On my trailer they are pretty obvious, once you are above the roof looking down. They are more visible in the morning dew.

I do put down a couple of boards to walk on when walking the length of the trailer (make sure they are relatively smooth). Then, I get down on all fours and move around, making sure to have most of my weight on a roof rib.

Ed


----------



## navycranes (May 29, 2008)

emaggio said:


> Would appreciate hearing from Veterans of RV Affairs on trailer roof maintenance and access. Would be nice to climb up there to put on an AC cover, hose off the rubber roof, clean the gutters, etc., without falling off a ladder and breaking bones, or worse. How do you guys do it, and how often? Can you walk on that rubber layer? My unit is stored outdoors and need for maintenance appears to be often. Thanks.


A lot of people will tell you to stay off the roof or to put down boards or crawl. The bottom line is that Keystone says none of this! They say that it is safe to walk on your rubber roof. In fact calling them to ask this very question was the first thing I did when I got it home and wanted to climb up there to look around and install a back-up camera.

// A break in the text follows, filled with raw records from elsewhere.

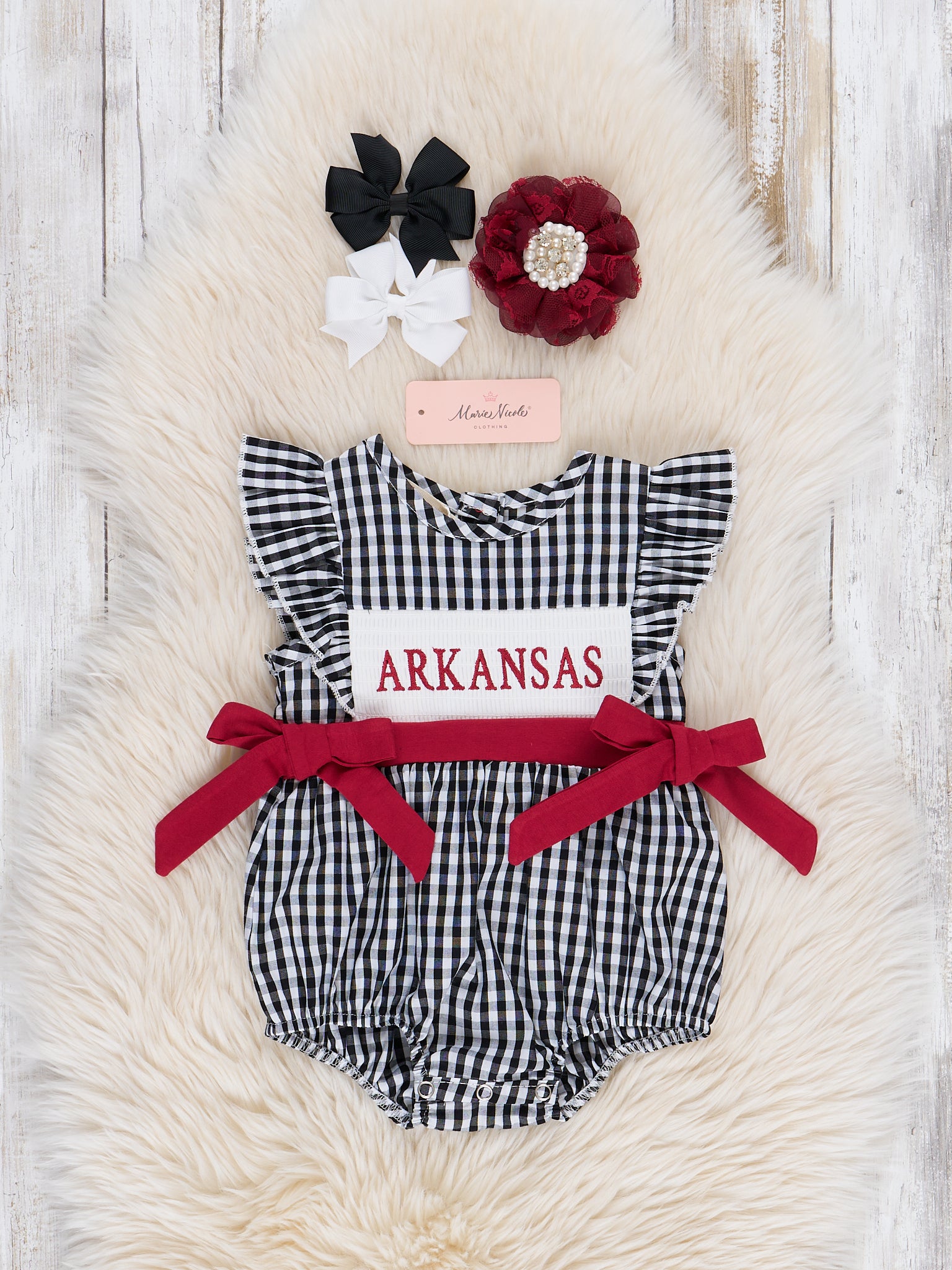 The Arkansas Smocked Gingham Bubble is the perfect blend of playful charm and team spirit for your tiniest fan. This adorable one-piece features a classic black and white gingham print, flutter sleeves, and a smocked panel embroidered with “Arkansas.” Soft, lightweight, and designed with snaps for easy changes, this bubble from Marie Nicole Clothing is a game day must-have. Finished with sweet red side bows, it’s a spirited look made for cheering in comfort and style.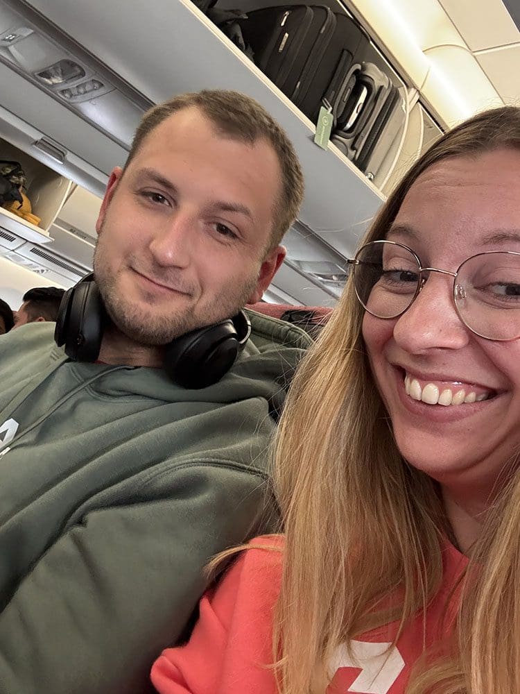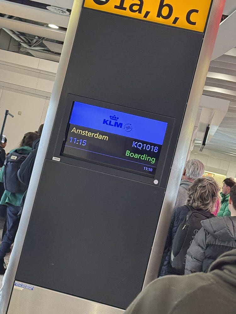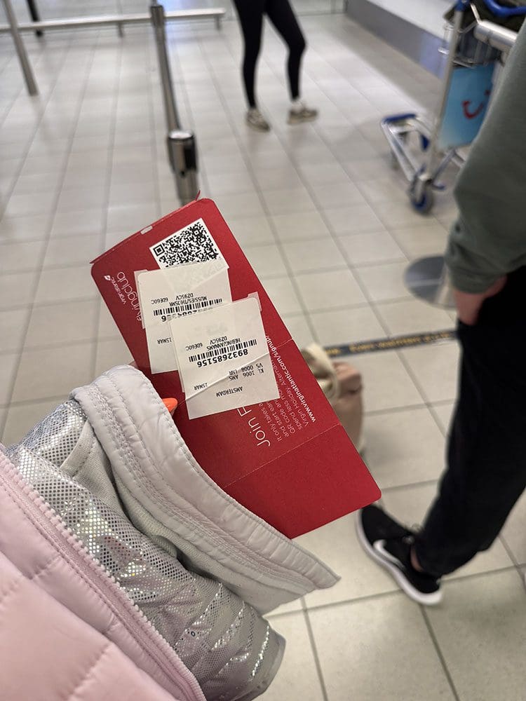Bij de douane mochten we gelukkig door en daar zagen we dat de vlucht wat vertraagd was omdat ze niet alle passagiers nog hadden. We hebben het gered!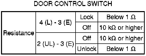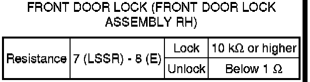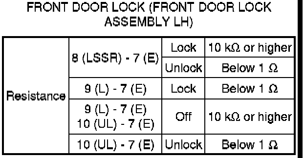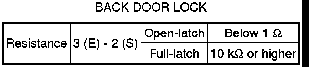 SPECIFICATIONS: DOOR LOCK: SERVICE DATA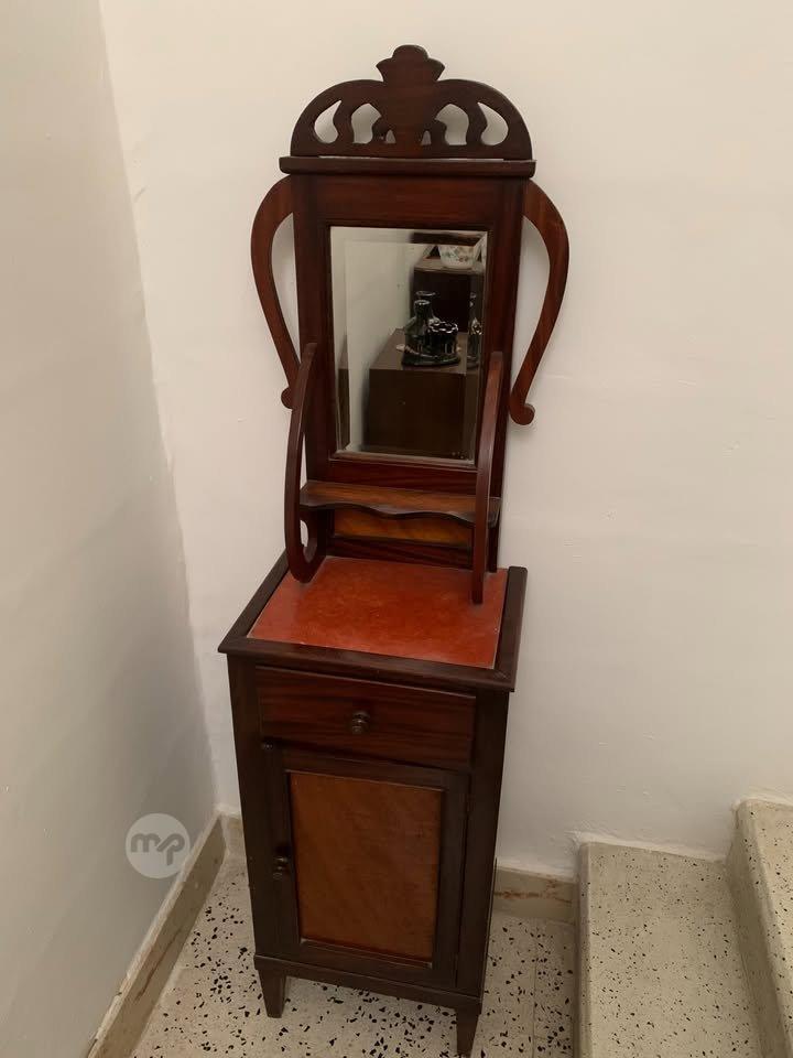 Antique Wooden Washstand/Vanity Cabinet with Mirror & Storage – Carved details, drawer + cabinet – €100

I don't wear shoes when I am up on the roof just to be safe but I get up there and inspect stuff and wash the roof every season and the roof has had no ill effects since 2005.

The roof does have support beams about ever 18" or so and if you stay on them it will feel a lot safer. You will know it if you step between two beams because the roof will flex a lot more. Some trailers show them more than others. After a few minuets up on your roof you will easily get a feel for where they are.


----------